2. Art. 4 Nr. 14 der Richtlinie 2015/2366 ist dahin auszulegen, dass es sich bei der Nahfeldkommunikationsfunktion (Near Field Communication) einer personalisierten multifunktionalen Bankkarte, mit der Kleinbetragszahlungen zulasten des verknüpften Kundenkontos getätigt werden können, um ein „Zahlungsinstrument“ im Sinne dieser Bestimmung handelt.

3. Art. 63 Abs. 1 Buchst. b der Richtlinie 2015/2366 ist dahin auszulegen, dass eine kontaktlose Kleinbetragszahlung unter Verwendung der Nahfeldkommunikationsfunktion (Near Field Communication) einer personalisierten multifunktionalen Bankkarte als „anonyme“ Nutzung des fraglichen Zahlungsinstruments im Sinne dieser Ausnahmeregelung anzusehen ist.

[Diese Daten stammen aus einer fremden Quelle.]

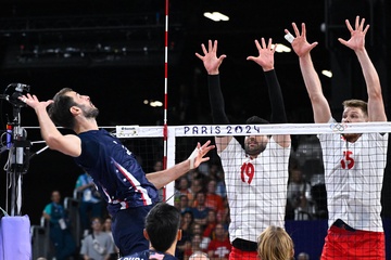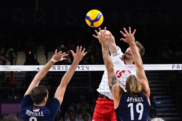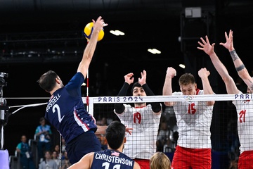 Półfinałowy mecz siatkówki pomiędzy Stanami Zjednoczonymi a Polską podczas Igrzysk Olimpijskich Paryż 2024 (OG) na stadionie Arena Paris Sud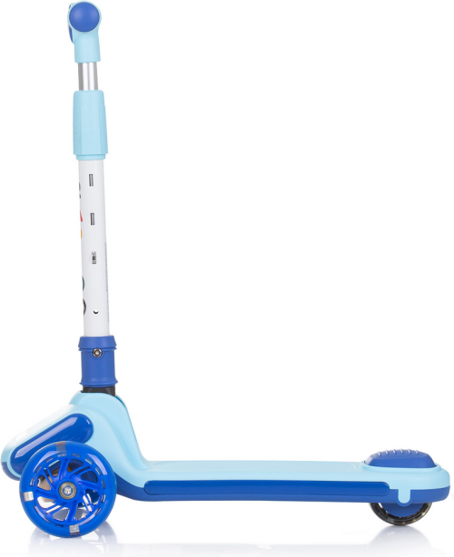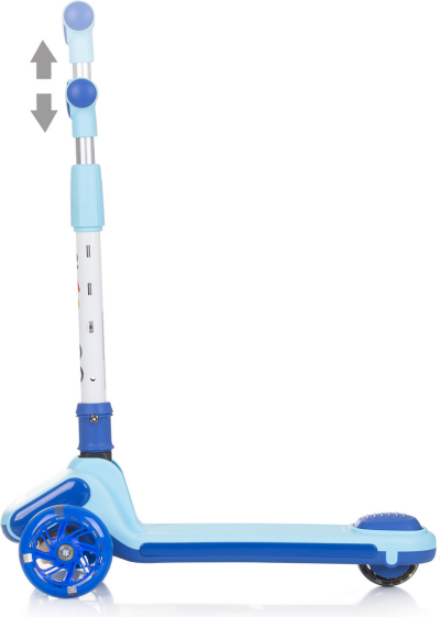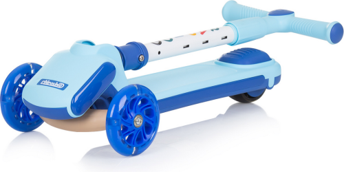 lehký hliníkový rám, výškově nastavitelná řídítka, gumové protiskluzové rukojeti, přední i zadní kola s barevnými LED světly, nášlapná brzda na zadním kole, široké protiskluzové stupátko, řídítka lze složit pro kompaktní skladování.

4. Art. 63 Abs. 1 Buchst. a der Richtlinie 2015/2366 ist dahin auszulegen, dass sich ein Zahlungsdienstleister, der sich auf die in dieser Bestimmung enthaltene Ausnahmeregelung berufen möchte, nicht darauf beschränken kann, zu behaupten, das betreffende Zahlungsinstrument könne nicht gesperrt oder seine weitere Nutzung nicht verhindert werden, obwohl dies nach dem objektiven Stand der Technik nicht nachweislich unmöglich ist.

Dienstag, 17. November 2020

Österreichische Finanzmarktaufsicht warnt vor Prime Funder

Die österreichische Finanzmarktaufsichtsbehörde (FMA) kann gemäß § 4 Abs. 7 Bankwesengesetz (BWG) 1. Satz durch Kundmachung im Internet, Abdruck im „Amtsblatt zur Wiener Zeitung“ oder in einer Zeitung mit Verbreitung im gesamten Bundesgebiet die Öffentlichkeit informieren, dass eine namentlich genannte natürliche oder juristische Person (Person) zur Vornahme bestimmter Bankgeschäfte nicht berechtigt ist.

Mit Bekanntmachung im Amtsblatt zur Wiener Zeitung vom 20.10.2020 teilt die FMA daher mit, dass

Prime Funder
Web: www.primefunder.co
E-Mail: support@primefunder.co
compliance@primefunder.co

nicht berechtigt ist, konzessionspflichtige Bankgeschäfte in Österreich zu erbringen. Es ist dem Anbieter daher der Handel auf eigene oder fremde Rechnung (§ 1 Abs 1 Z 7 BWG) nicht gestattet.